HACER BOQUETES EN LOS TECHOS

Después del primer capítulo del evangelio según san Marcos, que nos relata cómo Jesús, al inicio de su ministerio en Galilea, impactó por su predicación y por sanar a muchos enfermos y liberar a muchos endemoniados, en el segundo capítulo, que hoy comenzamos a leer, siguen los milagros del Señor pero también aparece ya como novedad y telón de fondo la controversia, la oposición, la hostilidad, la resistencia de aquellos que desde entonces pusieron bajo sospecha al Señor y confabularon contra Él hasta llevarle a la muerte en cruz.

Lo que en el pasaje evangélico de la liturgia de hoy escandalizó a los escribas fue que Jesús le dijo al paralítico que sus pecados le eran perdonados, y aquellos consideraron que blasfemaba porque, obrando así, se puso en el lugar de Dios, quien puede, y sólo Él, perdonar los pecados. El tema de fondo del evangelio de hoy, como así también de la primera lectura, del profeta Isaías, es el querer y el poder de Dios para perdonar los pecados de los hombres.

Dice Dios, a través del profeta y dirigiéndose a su Pueblo, a quien reprocha no haberle invocado y haberse cansado de Él a pesar de que era más bien Dios quien debía declararse cansado de los pecados e iniquidades con los que le abrumaron, dice Dios al Pueblo estas palabras consoladoras: “Soy yo, sólo yo, el que por cuenta mía borro tus crímenes y ya no me acordaré de tus pecados” (Isaías     43, 18-19. 21-22. 24b-25).
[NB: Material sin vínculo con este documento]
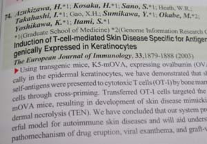 Induction of T-cell-mediated skin disease specific for antigen transgenically expressed in keratinocytes. Azukizawa H, Kosaka H, Sano S, Heath WR, Takahashi I, Gao XH, Sumikawa Y, Okabe M, Yoshikawa K, Itami S. |

Así es Dios. Dios no espera que el hombre lo invoque y se lo pida. Él nos amó primero y tiene la iniciativa. “Por cuenta propia” perdona los pecados del hombre y lo hace tan profunda y definitivamente que ya ni se acuerda de las ofensas recibidas. Y después de cancelar el pecado del hombre, Él, su Creador,  recrea al hombre y su mundo como brote nuevo que está germinando, como “camino en el desierto”, como “ríos en la estepa” (Isaías). ¡Así ama Dios al hombre! Gratuitamente. El que a su imagen lo creó, después de haber perdonado sus pecados, a su imagen y semejanza lo recrea y restaura, lo hace nuevo.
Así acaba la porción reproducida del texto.